DVR Commander for TiVo I think is a fabulous program. I use it all the time on my Nexus 7 Android Tablet. In combination with TiVo App from Google Play I think DVR Commander ROCKS!! I'm disabled and going up-and-down the stairs is a real shore for me. But with the use of the DVR Commander for TiVo. I can schedule my shows, monitor my TiVo suggestions and my To-Do-List. The best thing I can also delete the shows once I've done with them. I have only two request. 1. Could you make it so that you can delete this from the recently deleted folder. 2. Could you also make a Windows Version for PC. My main computer has the TiVo Desktop Plus whereas I can transfer shows to my desktop. But if I could have a Windows Version, Wi-Fi of course I can have it on my Asus One Netbook.

Thanks for your time.
Sharon>^..^<


----------



## crxssi (Apr 5, 2010)

sficklin said:


> DVR Commander for TiVo I think is a fabulous program. [...]

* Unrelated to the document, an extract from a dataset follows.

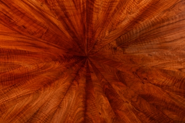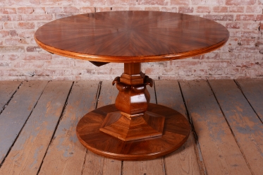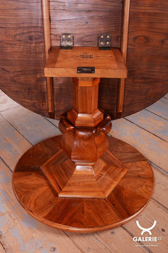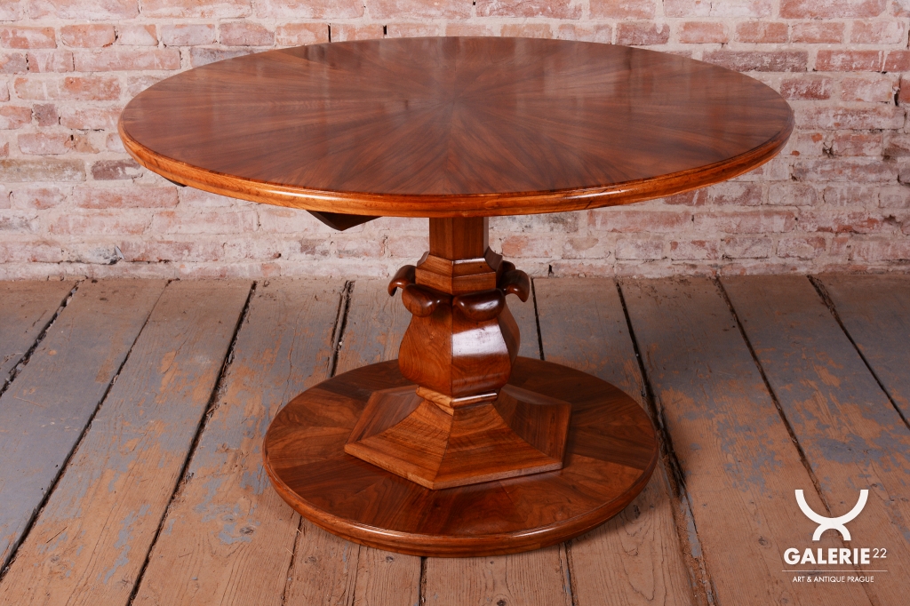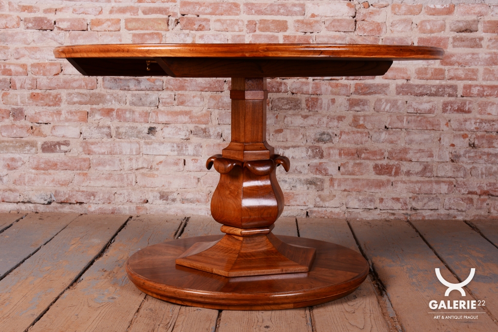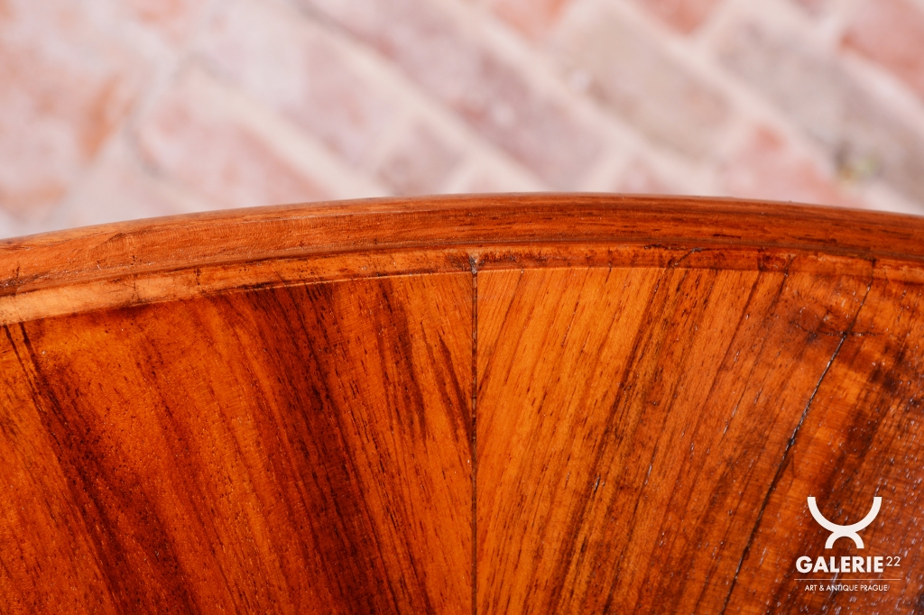 Stůl prošel precizním restaurováním, při kterém byla citlivě oživena původní politura dřeva. Dominantním prvkem je ořechová dýha s naprosto mistrnou skladbou, kde kresba dřeva vytváří fascinující symetrické obrazce. Tento detail svědčí o mimořádné zručnosti tehdejších mistrů dýhařů, kteří dokázali přirozenou strukturu dřeva povýšit na umělecké dílo. Robustní, a přesto elegantní podnož zajišťuje stabilitu a podtrhuje architektonickou čistotu celého kusu.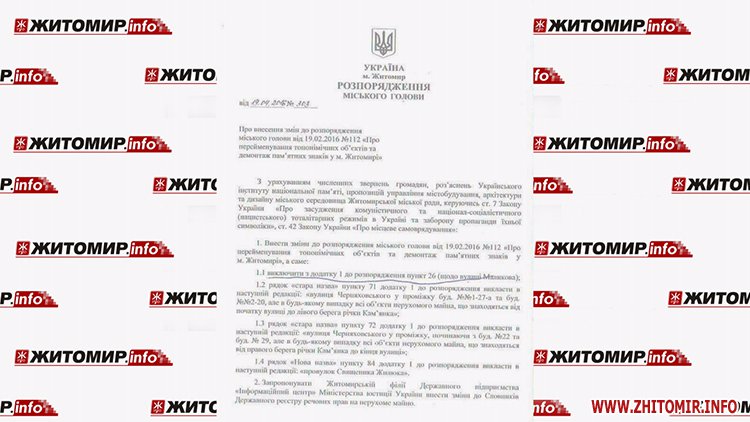Нагадаємо, міська влада хоче запровадити дворічний мораторій на перейменування топонімічних об’єктів в місті Житомирі.

It is nice. He just put out an update a few days ago, although it is just some bug fixes at this point.



> 2. Could you also make a[n MS-]Windows Version


That is not likely to ever happen.


----------



## wmcbrine (Aug 2, 2003)

sficklin said:


> But if I could have a Windows Version, Wi-Fi of course I can have it on my Asus One Netbook.


There are other programs that can run on Windows to give you some of the same functionality, depending on exactly what you're looking for.


----------



## aadam101 (Jul 15, 2002)

This is a great app. It's so much better than Tivo's app. Tivo should be ashamed of themselves.


----------



## mattack (Apr 9, 2001)

How is it better than Tivo's actual app? I'm serious. If you make an iPad version, I'd try it out.


----------



## crxssi (Apr 5, 2010)

mattack said:


> How is it better than Tivo's actual app?


I will quote what I wrote before:

_"You are in for a treat! He has added TONS of new features. For phone use, this independently developed and free app just blows away the official TiVo app. It has nearly all the same features but with added capability, is faster, and has no "scanning" crap when it is started. For tablet use compared to the official TiVo app, it is MUCH MUCH faster, has nearly all the same features, some added capability, and no scanning on startup, but doesn't use all the real estate as well."_



> I'm serious. If you make an iPad version, I'd try it out.


Don't hold your breath.


----------



## sehale (Jun 28, 2007)

Just installed it on my Blackberry Z10 and love it!


----------



## Rose4uKY (Mar 28, 2003)

I just installed it on my Asus Transformer Prime and on my HTC One. Thing is I'm moving Friday and my Tivo Premiere and my 2 mini's will be here tomorrow. I now just have series 3 DVR's. I had the TiVo app before on my Evo 4G LTE but it didn't do everything cause I didn't have the Premiere. Can't wait to check out the Premiere and the mini's. Almost went with Dish and there Hopper and Joey's glad I didn't.



sehale said:


> Just installed it on my Blackberry Z10 and love it!


----------



## mattack (Apr 9, 2001)

That still doesn't answer too much specifically about what's better. The Tivo app sure isn't *slow*.. "scanning crap"? Do you mean connecting to your Tivo?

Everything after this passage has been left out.